» What is needed: No pictures go in the copy; everything else in the records below must be output exactly.

::::::::

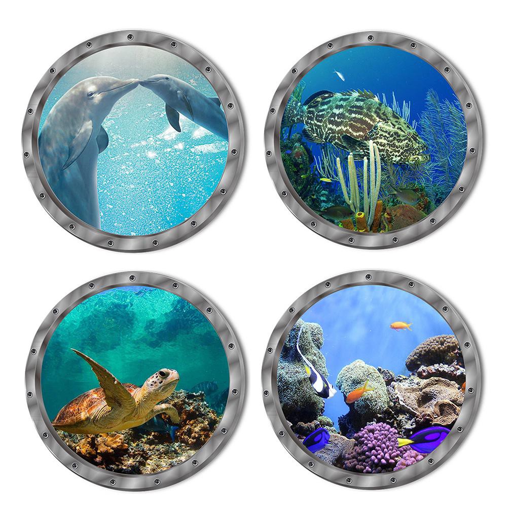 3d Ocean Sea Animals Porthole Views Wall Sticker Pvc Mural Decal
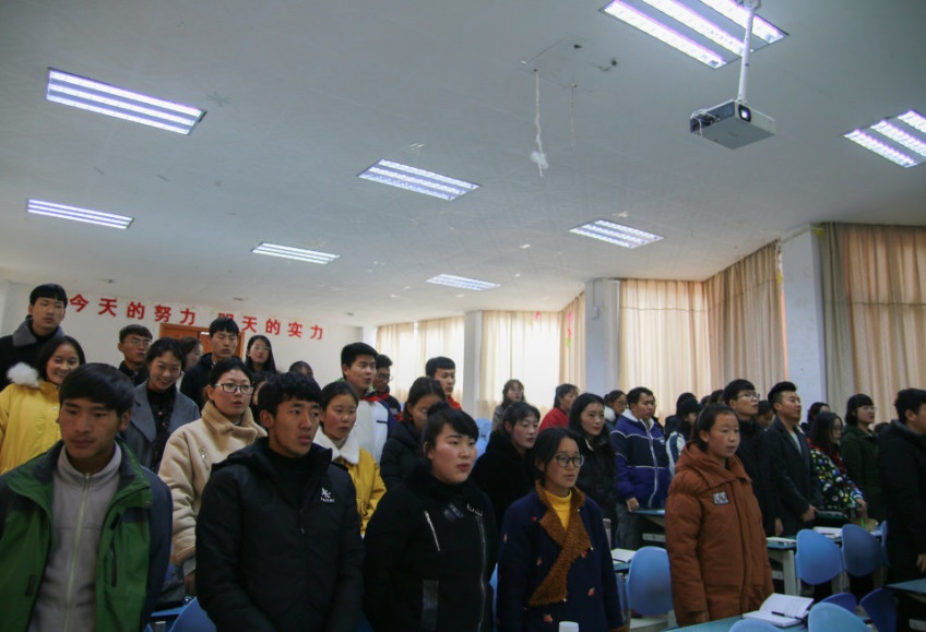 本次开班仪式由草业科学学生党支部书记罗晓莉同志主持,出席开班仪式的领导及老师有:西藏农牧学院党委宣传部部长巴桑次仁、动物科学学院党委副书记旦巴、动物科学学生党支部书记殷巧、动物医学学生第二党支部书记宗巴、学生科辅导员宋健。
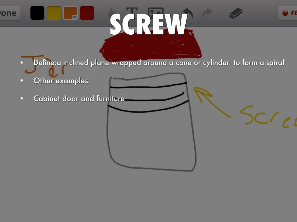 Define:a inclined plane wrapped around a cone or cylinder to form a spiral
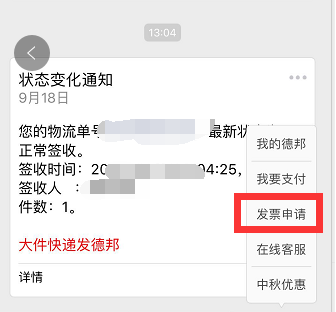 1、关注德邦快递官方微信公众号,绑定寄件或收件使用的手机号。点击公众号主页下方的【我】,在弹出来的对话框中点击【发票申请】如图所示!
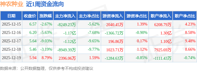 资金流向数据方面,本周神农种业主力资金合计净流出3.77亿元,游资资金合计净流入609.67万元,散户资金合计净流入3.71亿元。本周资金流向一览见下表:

::::::::

» Solution for this problem:
 3d Ocean Sea Animals Porthole Views Wall Sticker Pvc Mural Decal
 本次开班仪式由草业科学学生党支部书记罗晓莉同志主持,出席开班仪式的领导及老师有:西藏农牧学院党委宣传部部长巴桑次仁、动物科学学院党委副书记旦巴、动物科学学生党支部书记殷巧、动物医学学生第二党支部书记宗巴、学生科辅导员宋健。
 Define:a inclined plane wrapped around a cone or cylinder to form a spiral
 1、关注德邦快递官方微信公众号,绑定寄件或收件使用的手机号。点击公众号主页下方的【我】,在弹出来的对话框中点击【发票申请】如图所示!
 资金流向数据方面,本周神农种业主力资金合计净流出3.77亿元,游资资金合计净流入609.67万元,散户资金合计净流入3.71亿元。本周资金流向一览见下表:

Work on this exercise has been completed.